Task item.
The records below are to be repeated exactly, and their pictures left out.

____ Data extract

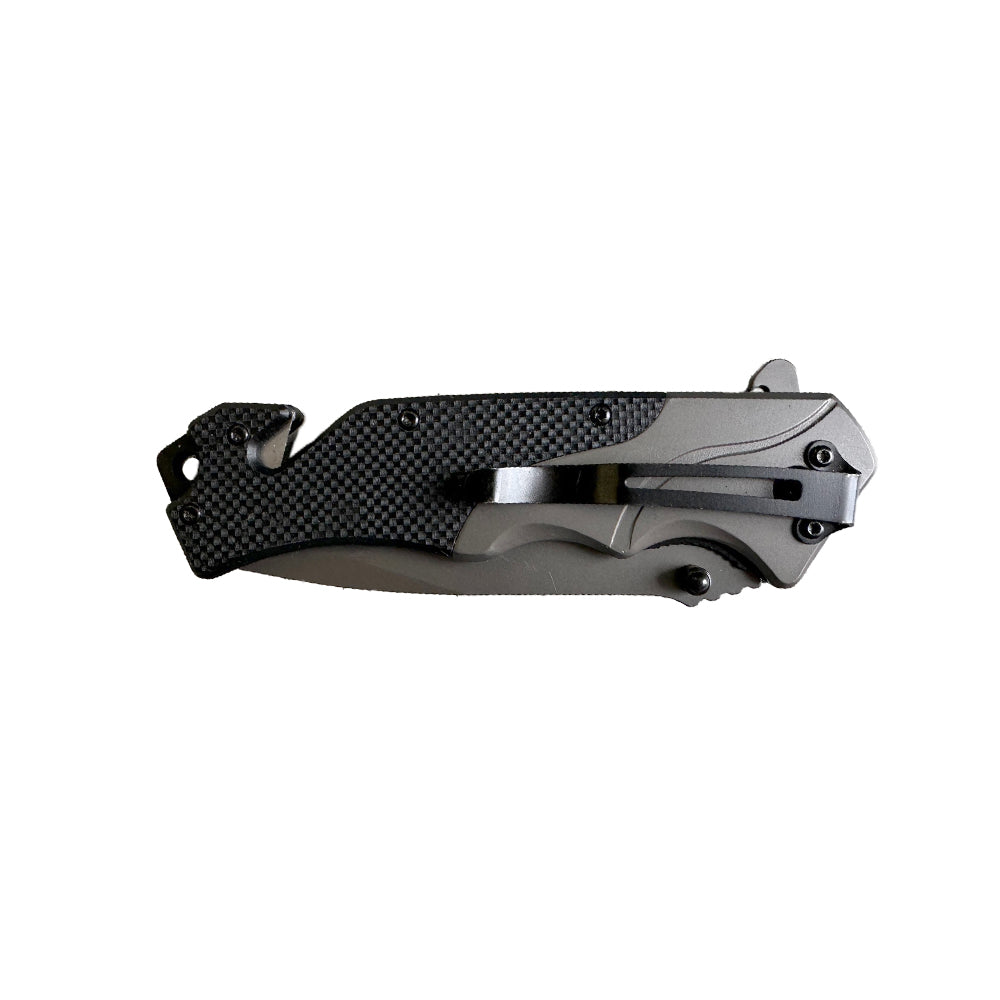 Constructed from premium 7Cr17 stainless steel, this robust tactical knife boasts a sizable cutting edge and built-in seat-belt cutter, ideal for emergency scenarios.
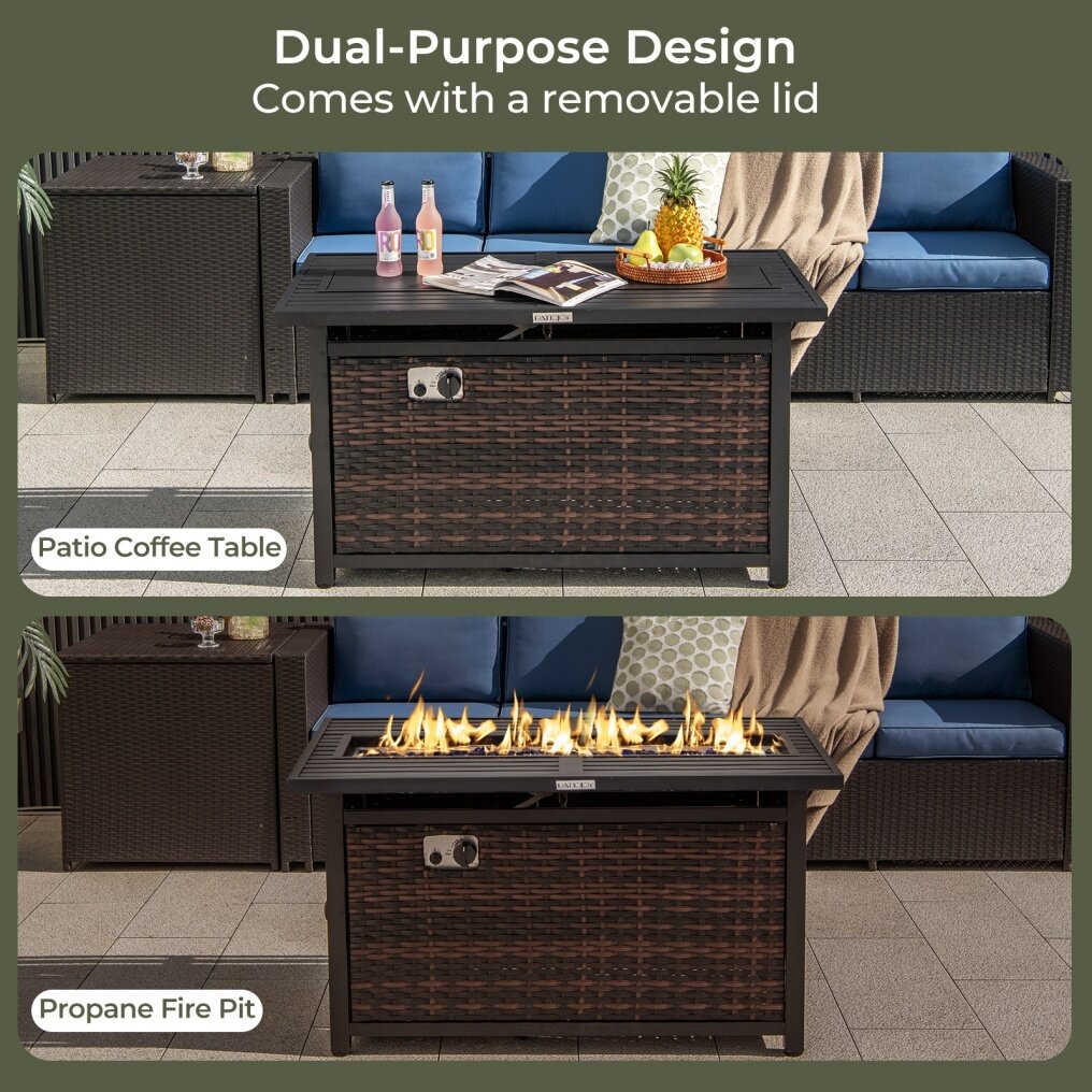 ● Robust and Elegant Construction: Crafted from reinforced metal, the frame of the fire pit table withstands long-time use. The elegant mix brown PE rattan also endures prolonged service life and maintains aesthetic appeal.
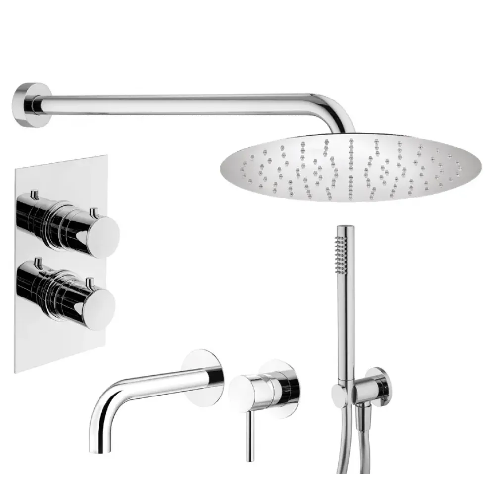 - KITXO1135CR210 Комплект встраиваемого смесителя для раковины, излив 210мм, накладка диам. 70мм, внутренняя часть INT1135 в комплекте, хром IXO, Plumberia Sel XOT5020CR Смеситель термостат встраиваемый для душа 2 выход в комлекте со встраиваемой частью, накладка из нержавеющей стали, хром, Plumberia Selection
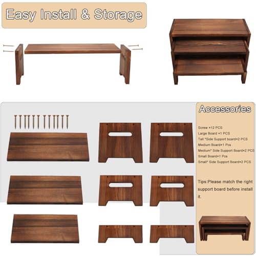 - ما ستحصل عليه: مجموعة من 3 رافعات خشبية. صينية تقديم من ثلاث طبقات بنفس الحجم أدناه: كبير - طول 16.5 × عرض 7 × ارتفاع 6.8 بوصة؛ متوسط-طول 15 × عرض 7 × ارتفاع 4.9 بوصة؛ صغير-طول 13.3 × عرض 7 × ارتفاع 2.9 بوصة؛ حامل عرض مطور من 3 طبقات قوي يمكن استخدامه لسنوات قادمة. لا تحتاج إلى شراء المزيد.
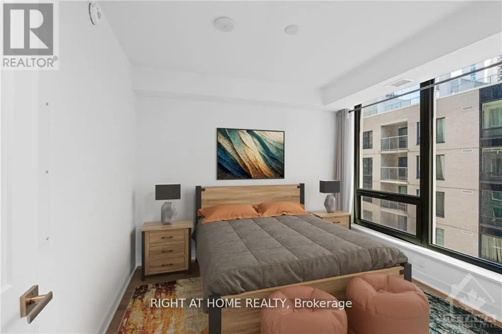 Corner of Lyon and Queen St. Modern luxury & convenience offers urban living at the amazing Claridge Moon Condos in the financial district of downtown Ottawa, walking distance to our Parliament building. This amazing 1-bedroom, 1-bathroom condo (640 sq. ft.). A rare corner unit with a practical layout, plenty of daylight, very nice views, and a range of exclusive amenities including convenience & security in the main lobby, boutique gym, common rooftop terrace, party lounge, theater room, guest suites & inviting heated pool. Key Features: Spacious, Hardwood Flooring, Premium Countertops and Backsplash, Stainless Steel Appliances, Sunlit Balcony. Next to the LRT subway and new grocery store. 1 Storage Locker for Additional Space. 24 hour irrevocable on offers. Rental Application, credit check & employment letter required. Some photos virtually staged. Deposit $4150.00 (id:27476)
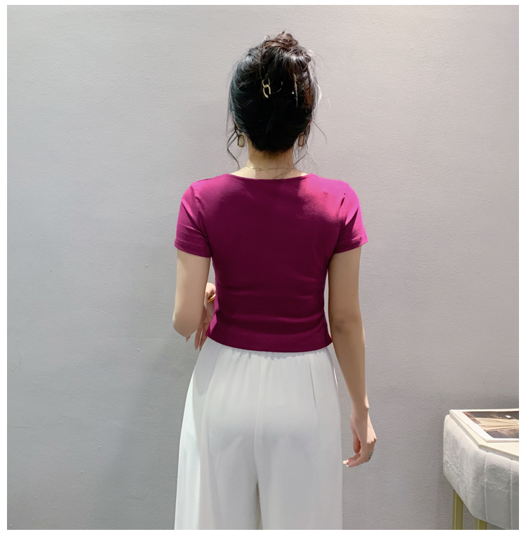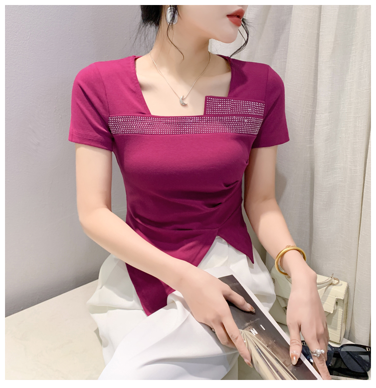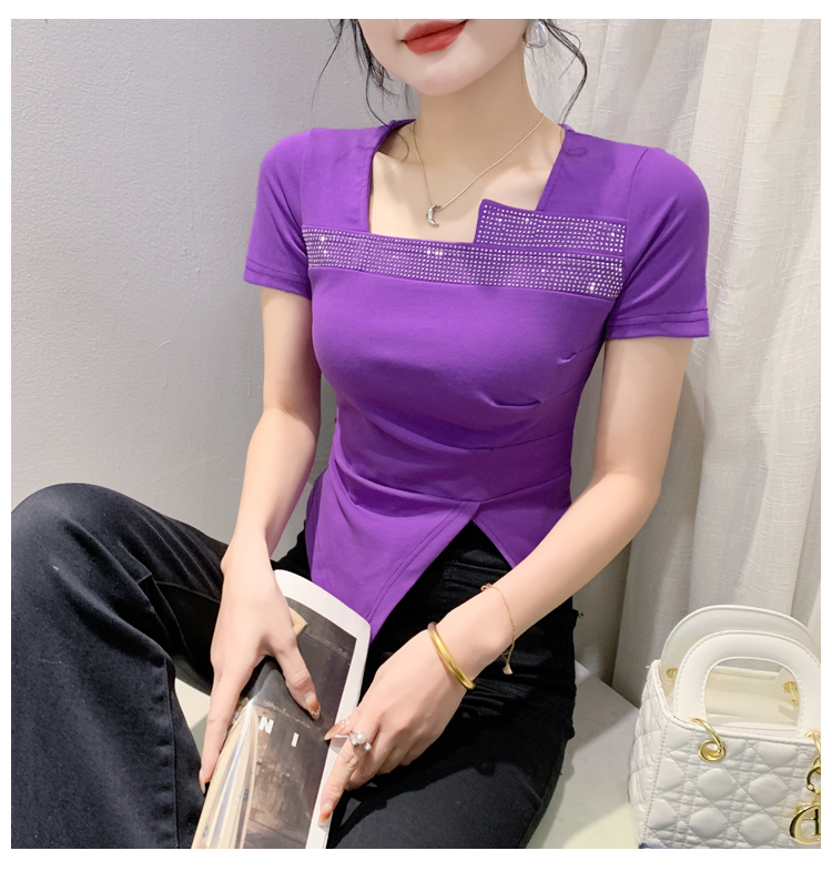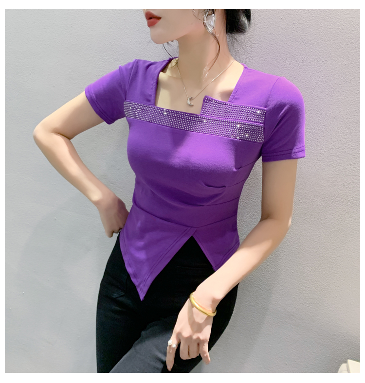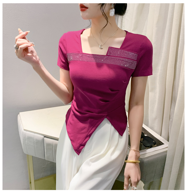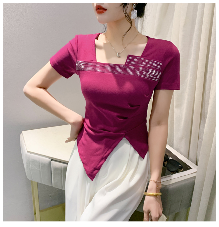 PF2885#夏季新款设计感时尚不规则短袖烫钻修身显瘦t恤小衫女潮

________

Task response.
 Constructed from premium 7Cr17 stainless steel, this robust tactical knife boasts a sizable cutting edge and built-in seat-belt cutter, ideal for emergency scenarios.
 ● Robust and Elegant Construction: Crafted from reinforced metal, the frame of the fire pit table withstands long-time use. The elegant mix brown PE rattan also endures prolonged service life and maintains aesthetic appeal.
 - KITXO1135CR210 Комплект встраиваемого смесителя для раковины, излив 210мм, накладка диам. 70мм, внутренняя часть INT1135 в комплекте, хром IXO, Plumberia Sel XOT5020CR Смеситель термостат встраиваемый для душа 2 выход в комлекте со встраиваемой частью, накладка из нержавеющей стали, хром, Plumberia Selection
 - ما ستحصل عليه: مجموعة من 3 رافعات خشبية. صينية تقديم من ثلاث طبقات بنفس الحجم أدناه: كبير - طول 16.5 × عرض 7 × ارتفاع 6.8 بوصة؛ متوسط-طول 15 × عرض 7 × ارتفاع 4.9 بوصة؛ صغير-طول 13.3 × عرض 7 × ارتفاع 2.9 بوصة؛ حامل عرض مطور من 3 طبقات قوي يمكن استخدامه لسنوات قادمة. لا تحتاج إلى شراء المزيد.
 Corner of Lyon and Queen St. Modern luxury & convenience offers urban living at the amazing Claridge Moon Condos in the financial district of downtown Ottawa, walking distance to our Parliament building. This amazing 1-bedroom, 1-bathroom condo (640 sq. ft.). A rare corner unit with a practical layout, plenty of daylight, very nice views, and a range of exclusive amenities including convenience & security in the main lobby, boutique gym, common rooftop terrace, party lounge, theater room, guest suites & inviting heated pool. Key Features: Spacious, Hardwood Flooring, Premium Countertops and Backsplash, Stainless Steel Appliances, Sunlit Balcony. Next to the LRT subway and new grocery store. 1 Storage Locker for Additional Space. 24 hour irrevocable on offers. Rental Application, credit check & employment letter required. Some photos virtually staged. Deposit $4150.00 (id:27476)
 PF2885#夏季新款设计感时尚不规则短袖烫钻修身显瘦t恤小衫女潮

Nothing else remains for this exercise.